The biggest challenge in hybrid systems verification is the handling of differential equations. Because computable closed-form solutions only exist for very simple differential equations, proof certificates have been proposed for more scalable verification. Search procedures for these proof certificates are still rather ad-hoc, though, because the problem structure is only understood poorly. We investigate differential invariants, which define an induction principle for differential equations and which can be checked for invariance along a differential equation just by using their differential structure, without having to solve them. We study the structural properties of differential invariants. To analyze trade-offs for proof search complexity, we identify more than a dozen relations between several classes of differential invariants and compare their deductive power.
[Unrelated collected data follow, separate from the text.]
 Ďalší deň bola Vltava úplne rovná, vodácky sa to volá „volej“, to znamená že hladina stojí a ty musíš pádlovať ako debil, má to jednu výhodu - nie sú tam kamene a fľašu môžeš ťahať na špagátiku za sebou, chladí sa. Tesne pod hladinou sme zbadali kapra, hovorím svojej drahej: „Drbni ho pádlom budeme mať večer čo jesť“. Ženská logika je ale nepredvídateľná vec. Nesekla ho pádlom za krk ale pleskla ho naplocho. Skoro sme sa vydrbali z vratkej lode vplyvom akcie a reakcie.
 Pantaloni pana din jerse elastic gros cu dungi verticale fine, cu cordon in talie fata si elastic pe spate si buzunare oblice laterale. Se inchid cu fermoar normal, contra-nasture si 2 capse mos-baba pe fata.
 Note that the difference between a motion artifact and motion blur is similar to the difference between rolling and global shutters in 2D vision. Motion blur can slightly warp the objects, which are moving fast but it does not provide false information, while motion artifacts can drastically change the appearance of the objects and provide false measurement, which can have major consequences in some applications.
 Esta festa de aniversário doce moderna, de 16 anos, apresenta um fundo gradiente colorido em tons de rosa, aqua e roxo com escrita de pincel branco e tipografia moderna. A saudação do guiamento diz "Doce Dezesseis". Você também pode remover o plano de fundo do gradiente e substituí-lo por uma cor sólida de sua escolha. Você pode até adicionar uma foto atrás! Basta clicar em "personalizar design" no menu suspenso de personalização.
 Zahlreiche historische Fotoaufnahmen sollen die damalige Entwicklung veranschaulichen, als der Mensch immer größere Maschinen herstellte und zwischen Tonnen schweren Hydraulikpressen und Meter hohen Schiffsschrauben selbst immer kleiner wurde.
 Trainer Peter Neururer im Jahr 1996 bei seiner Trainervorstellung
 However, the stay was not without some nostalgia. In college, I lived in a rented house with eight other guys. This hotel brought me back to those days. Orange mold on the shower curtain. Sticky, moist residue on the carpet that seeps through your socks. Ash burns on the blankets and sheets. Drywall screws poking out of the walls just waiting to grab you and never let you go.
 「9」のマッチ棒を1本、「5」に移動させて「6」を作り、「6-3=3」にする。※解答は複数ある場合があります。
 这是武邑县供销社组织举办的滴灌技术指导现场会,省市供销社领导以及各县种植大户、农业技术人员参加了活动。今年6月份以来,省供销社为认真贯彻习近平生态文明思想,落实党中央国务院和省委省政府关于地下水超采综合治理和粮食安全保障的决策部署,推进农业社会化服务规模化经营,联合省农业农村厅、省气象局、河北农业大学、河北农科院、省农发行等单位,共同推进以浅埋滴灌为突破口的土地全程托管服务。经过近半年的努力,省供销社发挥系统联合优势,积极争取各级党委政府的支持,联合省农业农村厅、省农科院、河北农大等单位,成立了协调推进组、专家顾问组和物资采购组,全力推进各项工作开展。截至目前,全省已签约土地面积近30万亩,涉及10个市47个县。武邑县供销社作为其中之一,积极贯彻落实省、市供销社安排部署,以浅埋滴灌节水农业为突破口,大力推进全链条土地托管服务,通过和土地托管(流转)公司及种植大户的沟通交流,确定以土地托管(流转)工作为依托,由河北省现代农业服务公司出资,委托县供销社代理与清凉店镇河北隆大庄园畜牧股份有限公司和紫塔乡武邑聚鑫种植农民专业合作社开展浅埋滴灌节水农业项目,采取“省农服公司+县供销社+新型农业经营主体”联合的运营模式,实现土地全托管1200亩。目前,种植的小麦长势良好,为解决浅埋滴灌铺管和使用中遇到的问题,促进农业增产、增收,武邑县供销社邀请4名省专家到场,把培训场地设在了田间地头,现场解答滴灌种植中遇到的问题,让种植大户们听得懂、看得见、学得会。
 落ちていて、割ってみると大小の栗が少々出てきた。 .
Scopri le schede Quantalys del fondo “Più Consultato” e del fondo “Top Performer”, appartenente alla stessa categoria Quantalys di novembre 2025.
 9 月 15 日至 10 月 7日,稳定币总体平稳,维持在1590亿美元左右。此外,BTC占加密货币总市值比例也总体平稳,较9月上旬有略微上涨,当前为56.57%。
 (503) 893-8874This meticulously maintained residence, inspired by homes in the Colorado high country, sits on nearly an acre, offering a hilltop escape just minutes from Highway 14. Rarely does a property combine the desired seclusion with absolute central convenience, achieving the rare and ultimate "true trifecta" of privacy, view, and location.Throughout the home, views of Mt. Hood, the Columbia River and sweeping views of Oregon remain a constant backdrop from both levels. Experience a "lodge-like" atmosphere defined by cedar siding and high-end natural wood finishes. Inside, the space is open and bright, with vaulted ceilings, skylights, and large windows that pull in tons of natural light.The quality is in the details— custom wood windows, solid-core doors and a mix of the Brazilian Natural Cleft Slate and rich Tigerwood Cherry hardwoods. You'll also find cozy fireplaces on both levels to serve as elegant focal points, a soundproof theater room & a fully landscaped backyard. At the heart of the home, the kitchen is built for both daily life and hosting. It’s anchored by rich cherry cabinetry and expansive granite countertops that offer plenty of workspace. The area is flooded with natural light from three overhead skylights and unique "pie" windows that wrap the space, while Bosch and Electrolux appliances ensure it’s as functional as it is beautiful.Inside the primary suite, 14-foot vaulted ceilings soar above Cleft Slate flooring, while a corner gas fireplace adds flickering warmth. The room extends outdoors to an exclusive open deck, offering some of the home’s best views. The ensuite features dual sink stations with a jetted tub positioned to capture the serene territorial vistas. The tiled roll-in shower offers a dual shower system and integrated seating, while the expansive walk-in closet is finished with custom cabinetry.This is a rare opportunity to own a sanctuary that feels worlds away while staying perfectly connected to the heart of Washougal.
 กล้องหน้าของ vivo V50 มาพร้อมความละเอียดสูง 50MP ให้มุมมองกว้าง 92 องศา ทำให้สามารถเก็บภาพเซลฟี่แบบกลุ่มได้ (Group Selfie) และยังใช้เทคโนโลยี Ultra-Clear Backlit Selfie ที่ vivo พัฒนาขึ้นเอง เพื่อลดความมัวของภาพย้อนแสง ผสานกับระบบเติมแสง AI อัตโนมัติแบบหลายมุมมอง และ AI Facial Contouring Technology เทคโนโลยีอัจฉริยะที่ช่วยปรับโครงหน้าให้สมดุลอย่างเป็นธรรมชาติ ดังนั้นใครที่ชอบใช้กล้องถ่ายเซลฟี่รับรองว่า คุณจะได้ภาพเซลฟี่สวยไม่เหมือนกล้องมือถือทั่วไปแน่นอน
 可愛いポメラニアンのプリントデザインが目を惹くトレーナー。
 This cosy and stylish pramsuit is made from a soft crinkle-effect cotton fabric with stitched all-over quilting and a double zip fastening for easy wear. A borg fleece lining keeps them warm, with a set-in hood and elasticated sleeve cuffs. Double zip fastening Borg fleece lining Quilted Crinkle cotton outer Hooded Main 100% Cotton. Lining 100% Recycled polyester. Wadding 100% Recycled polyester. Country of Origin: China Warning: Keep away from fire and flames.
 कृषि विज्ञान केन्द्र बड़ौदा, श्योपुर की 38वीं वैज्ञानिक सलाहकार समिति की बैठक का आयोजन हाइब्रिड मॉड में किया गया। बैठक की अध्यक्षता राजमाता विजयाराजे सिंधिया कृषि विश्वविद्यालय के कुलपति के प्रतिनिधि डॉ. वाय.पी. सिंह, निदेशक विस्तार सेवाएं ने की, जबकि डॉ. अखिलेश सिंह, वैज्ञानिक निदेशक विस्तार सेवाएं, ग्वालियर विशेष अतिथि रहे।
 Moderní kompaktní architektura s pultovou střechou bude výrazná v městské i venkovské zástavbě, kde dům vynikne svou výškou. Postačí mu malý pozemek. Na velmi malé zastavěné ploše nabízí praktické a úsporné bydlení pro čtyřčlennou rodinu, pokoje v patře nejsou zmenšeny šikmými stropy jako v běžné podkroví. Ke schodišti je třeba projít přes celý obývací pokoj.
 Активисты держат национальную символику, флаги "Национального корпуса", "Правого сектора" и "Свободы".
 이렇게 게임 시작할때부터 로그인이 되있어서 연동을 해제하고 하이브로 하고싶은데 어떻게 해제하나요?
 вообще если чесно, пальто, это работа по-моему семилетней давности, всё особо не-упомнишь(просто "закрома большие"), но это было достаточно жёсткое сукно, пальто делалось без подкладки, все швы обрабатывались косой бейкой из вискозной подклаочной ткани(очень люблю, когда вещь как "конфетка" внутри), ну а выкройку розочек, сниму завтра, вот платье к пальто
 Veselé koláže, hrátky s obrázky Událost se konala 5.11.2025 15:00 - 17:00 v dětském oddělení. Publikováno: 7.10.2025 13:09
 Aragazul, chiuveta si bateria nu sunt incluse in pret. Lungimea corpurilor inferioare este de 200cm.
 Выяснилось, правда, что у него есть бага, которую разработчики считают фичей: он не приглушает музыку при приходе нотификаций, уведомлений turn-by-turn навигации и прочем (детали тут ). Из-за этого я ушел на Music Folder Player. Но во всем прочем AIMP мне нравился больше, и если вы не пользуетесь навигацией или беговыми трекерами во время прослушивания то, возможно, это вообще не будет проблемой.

As our main results, we analyze the deductive power of differential cuts and the deductive power of differential invariants with auxiliary differential variables. We refute the differential cut elimination hypothesis and show that, unlike standard cuts, differential cuts are fundamental proof principles that strictly increase the deductive power. We also prove that the deductive power increases further when adding auxiliary differential variables to the dynamics.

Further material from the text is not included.